小袋成彬 分離派の夏 エピック(2018)

 「音楽ビジネスに強い閉塞感がある今の日本では、キャッチーで踊れて口ずさめる音楽が重宝されていて。プロデューサーとしてもそういうものが求められますし、アーティストとしてもそういう音楽を作らないとリスナーに見向きもされないんですよね。ただ、そのことは重々承知のうえで、僕はその戦いでしのぎを削る気がまったく起きなかった。なぜなら、自分が愛する音楽のほとんどはそういう発想から生まれていないし、僕も自分のためだけに音楽を作るべきだなって思ったんですよ。そして、今回の作品を作るにあたってはプロデューサー的な発想を捨てることができたので、プロデューサーの彼女(宇多田)に対して自分はシンガー・ソングライターに徹しながら、彼女がJ-Popの最前線で20年間に渡って培ってきたメソッドを教わりました」。

 26年の人生を通じて熟成された記憶の澱を漉しながら、紡ぎ出したメロディーと言葉。
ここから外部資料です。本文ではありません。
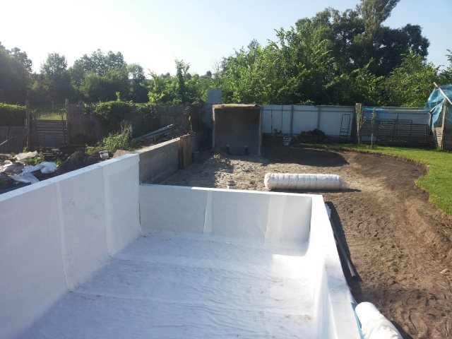 - une fois la couche d'imperméabilisation complètement sèche, nous vérifions la piscine pour les fuites;

それ単体ではフォーク的にも響く歌を主軸に、音楽的には宇多田をヴォーカルに迎えた“Lonely One”をはじめ、現行のR&Bやトラップ以降のビートとフロウ、ミニマルにして芳醇なアレンジメントが耳新しく響く。

 「リズムに関しては、2拍目と4拍目にスネアが入るバック・ビートから脱却したくて、ビートレスな曲を作ったりもしましたし、“E. Primavesi”ではドラムを叩いてくれたクリス・デイヴに助けられたところもあります。あと、この1年半ほどはクラシックをかなり聴いてきていて。〈この音とこの音を合わせると、こういう音になる〉という発想だったり、オペラ以外の言葉がない、声だけの表現で激しく感情を揺さぶられたり。その良さがようやくわかってきて、コラール(賛美歌)をモチーフにした“Game”や“門出”における現代音楽的なストリングスのアプローチは、そうした音楽の先人から学んだことが大きいですね」。
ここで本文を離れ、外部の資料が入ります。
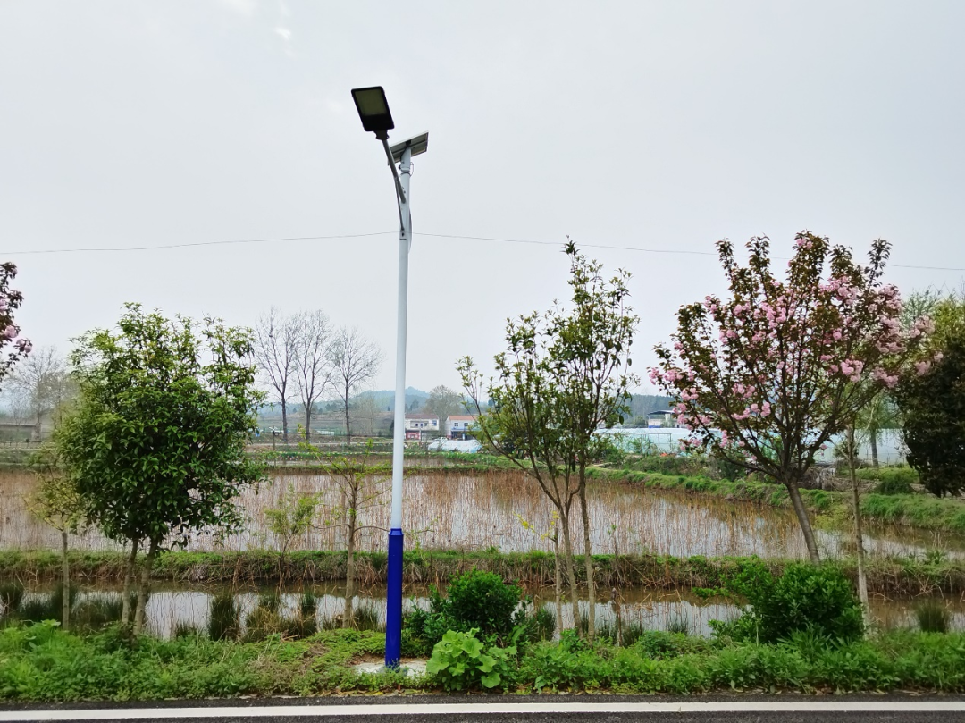 红安网消息 4月8日,随着夜幕降临,红安县华家河镇双河村王家咀湾的群众走在乡间小道时,湾内道路两旁粉红色桃花盛开,灯光明亮,夜间可以安全通行了。

 自身の思いを代弁するかのように2曲でフィーチャーした2人の友人の語り、ハイからロウ、オートチューンまでをも駆使したヴォーカル・アプローチが言葉の存在を強く意識させる本作は、フィクションとノンフィクションの際の歌詞世界が孤独感を浮き彫りにする。それをどう捉えるかは聴き手次第だ。

 「自分は新しいものが好きなので、音楽面ではいろんなことに挑戦しようとは思っていましたけど、自分のなかで新しいかどうかが重要であって、それが世界の音楽シーンにおいて新しいかどうかはまったく意識しませんでした。それに対して、歌詞は自分にとっての慰みというか、意味のわからなかった出来事や感情のうねりを一度自分の言葉で整理して、自分自身を納得させる作業で。だから、これも聴き手を意識したものではなかったんです。今、まさに読んでいる金井美恵子さんの小説『カストロの尻』で谷崎潤一郎の一節が引用されていて、それが(楽曲制作に対しての)今の僕の心情を表しているなと思ったんですけど、要約すると、〈自分だけの世界に閉じ篭っていられるありがたさにつくづくうっとりする〉と。恐れ多いですけど、共感するものが大いにあるんですよね」。

 


小袋成彬
91年生まれのシンガー・ソングライター。ヴォーカルを担当した男性2人組ユニット、N.O.R.Kとして2014年に初のミニ・アルバム『ADSR』を発表。その後、音楽レーベルのTokyo Recordingsを設立し、水曜日のカンパネラやiri、宇多田ヒカル、adieuらの作品にプロデュース/楽曲提供/ヴォーカリストとして携わる。今後は宇多田ヒカル&小袋成彬として椎名林檎のトリビュート盤に参加するほか、〈GREENROOM〉〈ARABAKI ROCK FEST.〉〈フジロック〉などフェスにも多数出演予定。“Lonely One feat. 宇多田ヒカル”“042616 @London”“Selfish”“Summer Reminds Me”の先行配信に続き、このたびソロ名義のファースト・アルバム『分離派の夏』(エピック)をリリースしたばかり。